Jack leads Hammelbacher to the synagogue, then rests at floor level in the sanctuary during services while his owner, sometimes taking the arm of a friendly congregant, makes her way up the eight stairs to the president’s chair.

“The dog is just part of the scenery of the shul,” Rabbi Kogan says.

Hammelbacher’s Braille prayer book presents a uniBorn with a genetic mutation that limited her sight all her life, she lost “what little I had” about 20 years ago. So she taught herself Braille.

“I have a really good memory, which is a big help,” Hammelbacher says of how she performs all the duties of a synagogue president — including giving announcements, making speeches and chairing board meetings — and works as a music therapist and writes books and frequent freelance magazine articles.

“I’m very busy,” she says.

If people meeting her for the first time had not known earlier that Hammelbacher is blind, they might not suspect it. Her eyes are focused, her head does not sway from side to side as sometimes happens with blind people, her life seems so — a word she uses — normal.

Her home has few apparent adaptations for a blind person. Her husband, Frank, a dealer in old stocks and bonds, of course keeps the floors clear of things she could trip over, and has attached small plastic stickers to oven knobs to make it easier for his wife’s cooking and baking.

The Hammelbachers occasionally play games like Scrabble; the tiles feature Braille letters. The couple made transparent Braille stickers to put on the pages of children’s books, for reading to Jill when she was young.

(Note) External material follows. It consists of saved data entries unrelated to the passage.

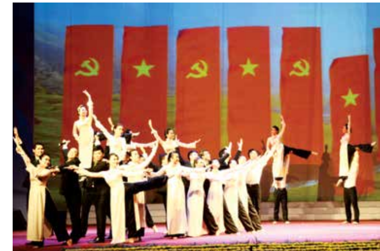
Hội diễn văn nghệ Tổng liên đoàn lao động năm 2013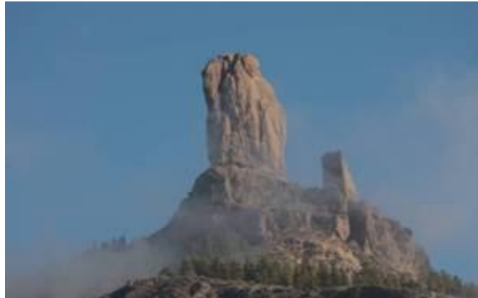
Roque Nublo, 2 ème sommet de l'île et point de vue admirable !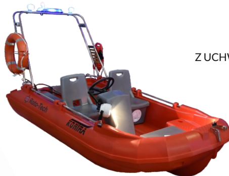
RAMA NAWIGACYJNA Z UCHWYTEM NA KOŁO RATUNKOWE I BOJKĘ 1 600 zł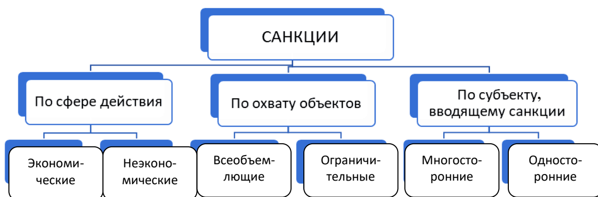
Рис. 1. Классификация санкций (составлено автором по источникам [2, 4])

Санкции можно классифицировать по нескольким критериям (рис. 1).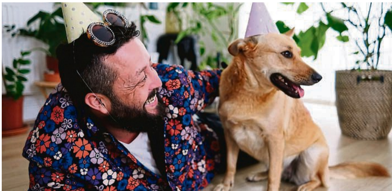
Für Hunde nicht immer ein Grund zu feiern: Silvester. Denn vielen Tieren machen Böller, Raketen und Co. Angst.

„Böllerangst ist eine Form der Geräuschangst“, erklärt Nitzschner. Der Hund sollte deshalb erst mal lernen, dass ungewohnte und laute Geräusche nicht furchteinflößend sind. Wie geht das? Das Prinzip ist simpel: „Wir gewöhnen den Hund nach und nach an Geräusche und gestalten das besonders angenehm, zum Beispiel durch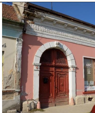
Lakóház (Fő u. 46. hrsz.35.)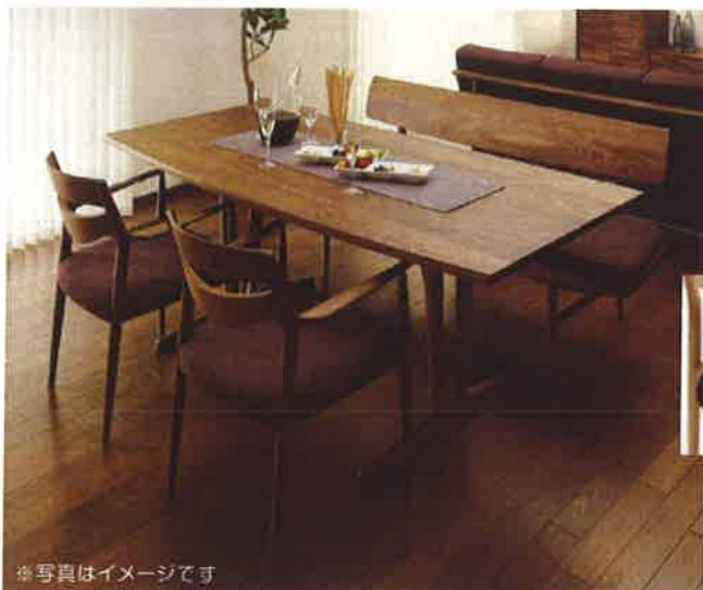
※写真はイメージです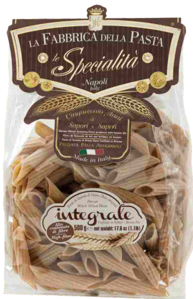
Паста Пенне рифленые из цельнозерновой муки 500 г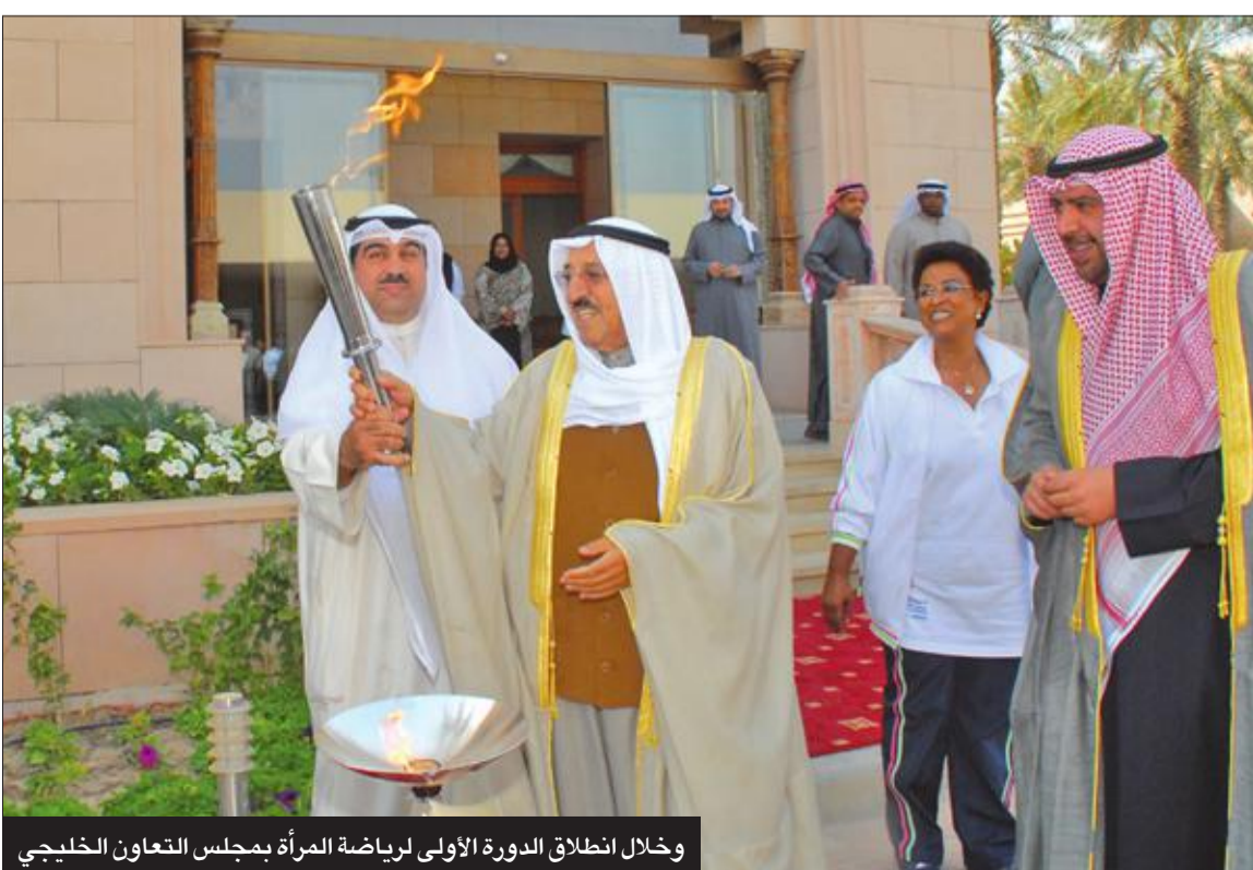
وخلال انطلاق الدورة الأولى لرياضة المرأة بمجلس التعاون الخليجي

Lighting Shabbat candles is no problem, Hammelbacher says. She can feel the wicks and the matches. To make sure that the candle is lit, she holds a hand over the flame to feel the heat.

Over the years, the Hillcrest Jewish Center has been the spiritual home to members from a wide variety of racial and ethnic backgrounds, with a wide variety of physical challenges. “We are welcoming,” Cheryl Meyer says.

Next Passover the congregation will host a seder for people with disabilities, inviting residents of local group homes and day programs. As president of the shul, Hammelbacher will attend the seder. She’ll say a few words of introduction, then participate like any member of the congregation.

“I don’t go as a blind person,” she says. “I go as president.”